ITEM 2.01. COMPLETION OF AN ACQUISITION OR DISPOSITION OF ASSETS

On June 17, 2005, the Company completed the acquisition of a 30-property, 4,328-room hotel portfolio from CNL Hotels and Resorts, Inc. for approximately $465.0 million in cash. The purchase price equates to a trailing twelve-month net operating income capitalization rate of approximately 8.4% on the entire 30-hotel portfolio.

 


 

The 30-hotel portfolio consists of 13 Residence Inns by Marriott in 9 states, 6 Courtyards by Marriott in 5 states, 7 TownePlace Suites by Marriott in 6 states, and 4 SpringHill Suites by Marriott in 3 states. The hotels in the portfolio have an average age of 8.9 years with a majority of the hotels built between 1997 and 2000. Marriott International, Inc. will continue to operate the hotels under incentive management agreements.

The Company funded the acquisition from several sources including: proceeds from a $370.0 million, 10-year mortgage loan from Merrill Lynch Mortgage Lending, Inc. (“Merrill”) at a fixed interest rate locked at 5.32%, gross proceeds of approximately $65.0 million from the issuance of 6,454,816 shares of Series B cumulative convertible redeemable preferred stock to Security Capital Preferred Growth Incorporated (“Security Capital”), and cash currently on the balance sheet.

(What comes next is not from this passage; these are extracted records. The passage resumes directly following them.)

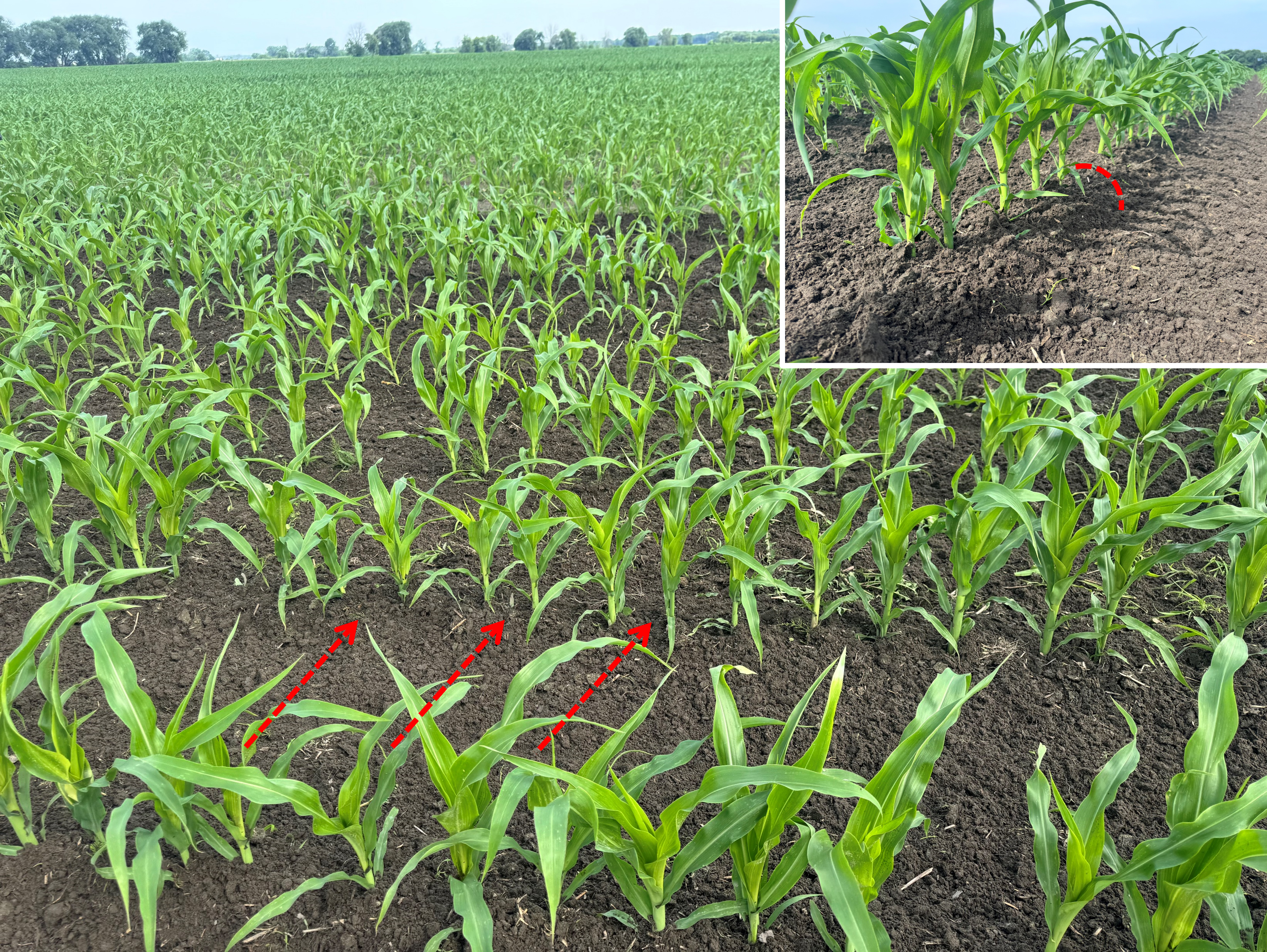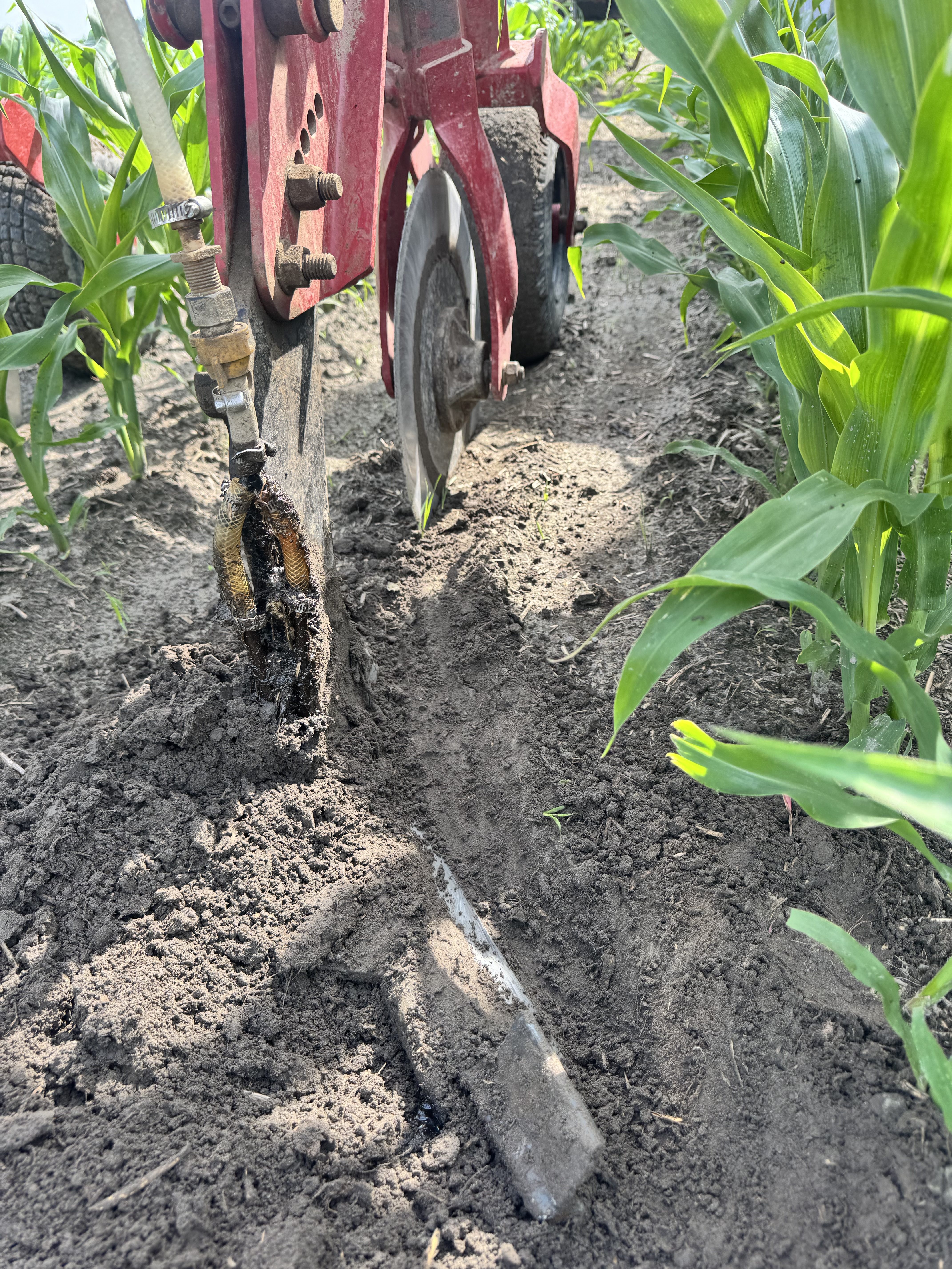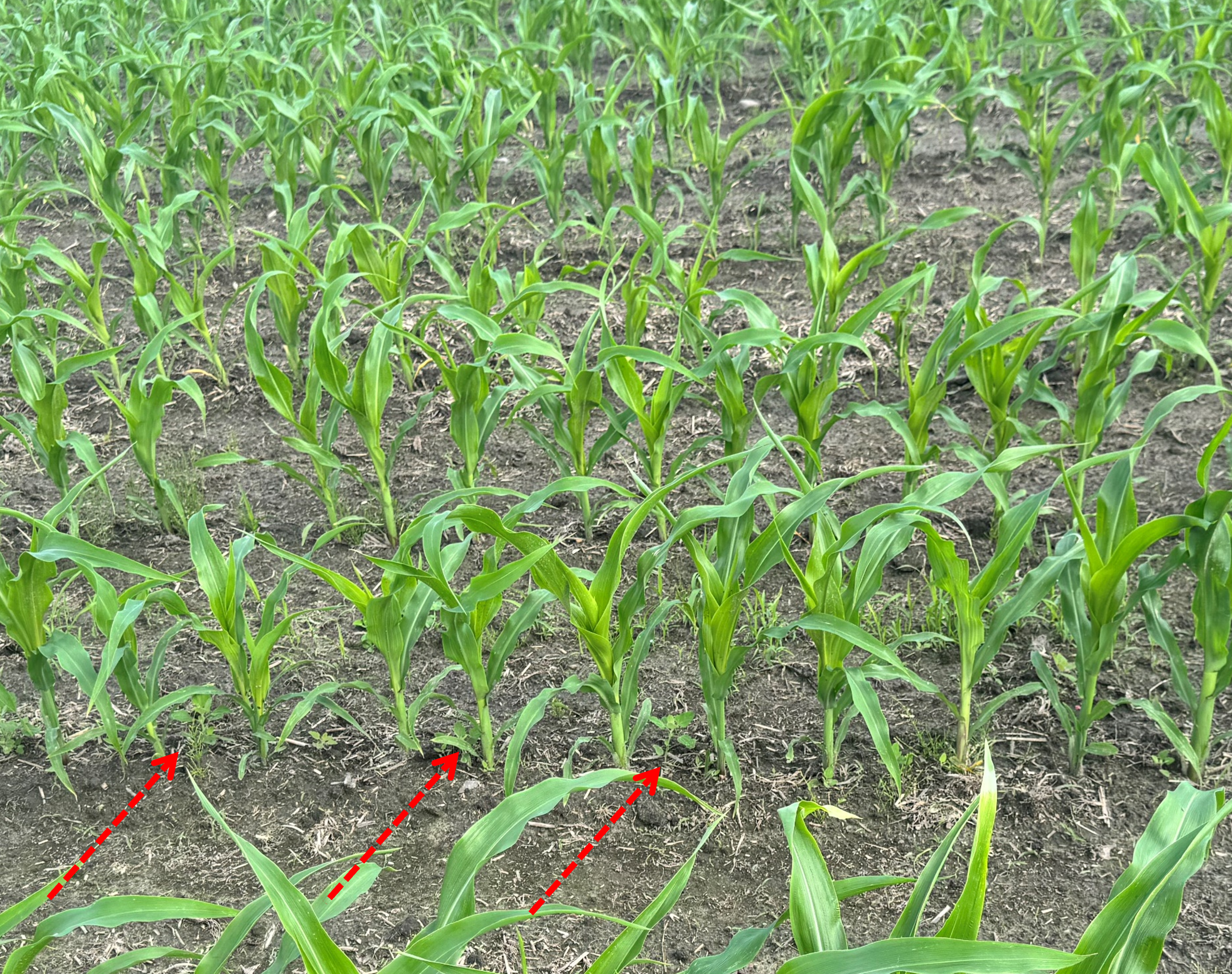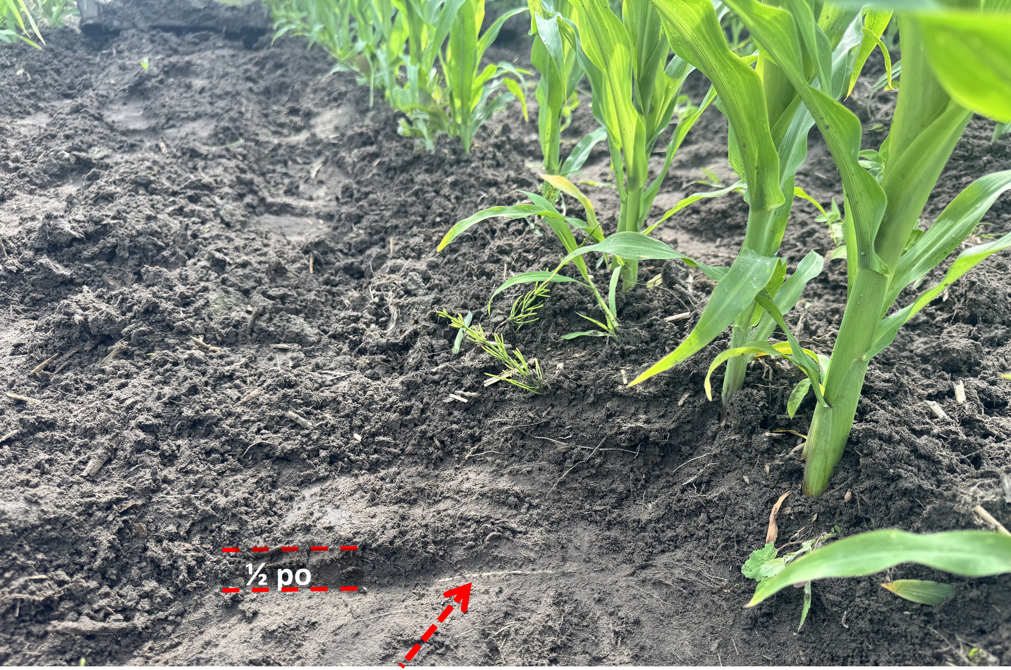 Bulletin n° 28.1, 6 juillet 2025 – Désherbage mécanique en grandes cultures Voir tous les bulletins Version PDF imprimable Équipement Sarcleur lourd au stade V6 Culture Maïs-grain Type de sol Loam sableux Mise en contexte: Ce bulletin est publié dans le cadre de la mesure 1.8 du Plan national de l’eau, soit « Favoriser l’adoption de méthodes n’utilisant pas de pesticides ». Les exemples sont pris sur des fermes en grandes cultures. À noter que cette publication ne constitue aucunement une recommandation STADE DE LA CULTURE ET DES MAUVAISES HERBES Le maïs-grain est au stade V6. Il reste quelques mauvaises herbes annuelles à la base des plants, essentiellement du chénopode et des graminées annuelles. Il s’agit de la dernière intervention avant que la canopée du maïs soit trop importante et empêche le désherbage mécanique. PROFONDEUR D’ENRACINEMENT Avec les pluies abondantes, l’enracinement du maïs est superficiel. Il est important d’aller vérifier leur profondeur afin d’adapter la profondeur du désherbage mécanique. Dans ce champ, des racines étaient présentes jusqu’à 1 po de profondeur. CHOIX D’ÉQUIPEMENT L’équipement utilisé pour l’intervention est un sarcleur lourd muni d’un système de guidage par caméra. Chaque unité possède un disque central qui ouvre un sillon qui facilite la pénétration du sol de l’unité avec les couteaux. PLAQUES SOUDÉES À LA POINTE DES COUTEAUX La largeur des couteaux est de 17 po. Il s’agit de la largeur utilisée communément pour la dernière intervention de désherbage mécanique afin de ne pas endommager le système racinaire. Comme ce sarcleur ne disposait pas d’ailes billonneuses, des plaques de métal (3 po de large sur 2 po de haut) ont été soudées sur la pointe des couteaux afin d’augmenter le déplacement de la terre et créer des billons servant à enterrer les mauvaises herbes à la base des plants de maïs-grain. AJUSTEMENTS DU SARCLEUR LOURD Plusieurs réglages ont été effectués pour ajuster le sarcleur lourd : – Les roues de profondeur ont été relevées afin de favoriser la pénétration des unités. – La hauteur des disques a été positionnée plus basse que les unités pour favoriser la pénétration dans le sol. – La vitesse d’avancement était de 11 km/h. – Le troisième point a été raccourci légèrement pour créer un angle afin que la pointe des couteaux soit moins profonde que le centre. Cet angle favorise le déplacement de terre latéralement. – La profondeur de travail au centre de l’inter-rang est environ de 1 po, alors qu’à la pointe elle n’excède pas ½ po pour ne pas endommager le système racinaire des plants de maïs. RÉSULTAT DU DÉSERBAGE MÉCANIQUE L’intervention de désherbage mécanique n’a pas affecté le système racinaire du maïs. Cette photo a été prise au même endroit que celle du premier encadré. Le billon créé par les plaques de métal soudées aux couteaux a été suffisant pour enterrer les chénopodes et les autres mauvaises herbes sur le rang. Les mauvaises herbes présentes dans les inter-rangs ont également été coupées par le passage des couteaux. Liens utiles: Fiche technique du CETAB+ : Séquences de passages Fiche technique du CETAB+: Le sarcleur lourd Ce bulletin a été rédigé par Murielle Bournival, agronome au CETAB+. La révision linguistique a été réalisée en collaboration de Julie Anne Wilkinson, agronome M.Sc., CETAB+.
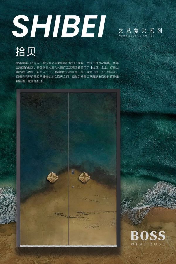 【拾贝】 表面采用非物质文化遗产——高温着色工艺于铜门之上。两柄贝壳形铜雕拉手慵懒的躺在海天之间,细腻的精雕工艺雕琢出海浪追逐沙滩的痕迹,氛围感极佳,宛如一件艺术品。匠人通过对火与染料属性的理解,巧妙的融合不同色彩,方寸之间,别有天地。
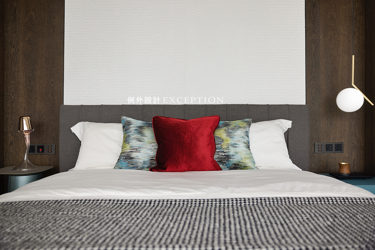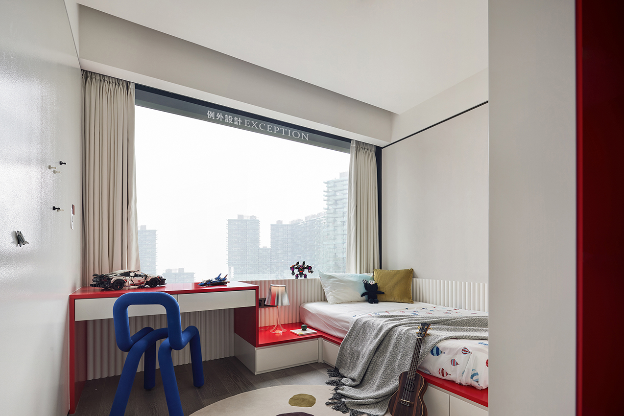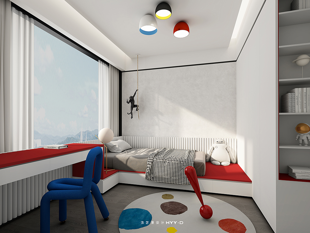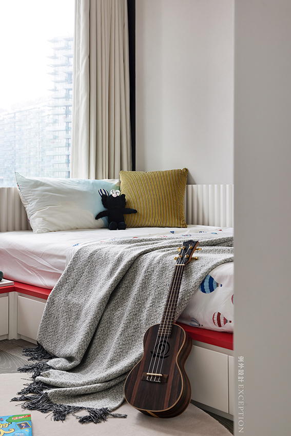 主臥延續(xù)玄關空間的藝術線索,床頭墻面白色群魚自在暢游,紅色裝飾柜一圈泛起的漣漪將思緒拉進自然的呼吸中,再次強化了如魚得水的靈感設想。作為一個私享的休息空間,一部會心的電影,一次深入的暢談,生活的浪漫情調(diào)都會生發(fā)于此,余韻悠長。

ITEM 2.03 MATERIAL FINANCIAL OBLIGATION

On June 17, 2005, the Company completed six cross-collateralized ten-year mortgage loans totaling $370.0 million from Merrill Lynch Mortgage Lending, Inc. at a fixed interest rate locked at 5.32%. The mortgage loans are secured by 30 hotel properties, require interest-only payments due monthly for five years and interest and principal payments due monthly thereafter based on a twenty-five year amortization schedule, and prohibits prepayment. These loans are subject to acceleration upon the occurrence of certain events of default by the borrowers.

The Company used the proceeds from the cumulative $370.0 million mortgage loans to partially fund the acquisition of a 30-property hotel portfolio completed June 17, 2005, for approximately $465.0 million in cash.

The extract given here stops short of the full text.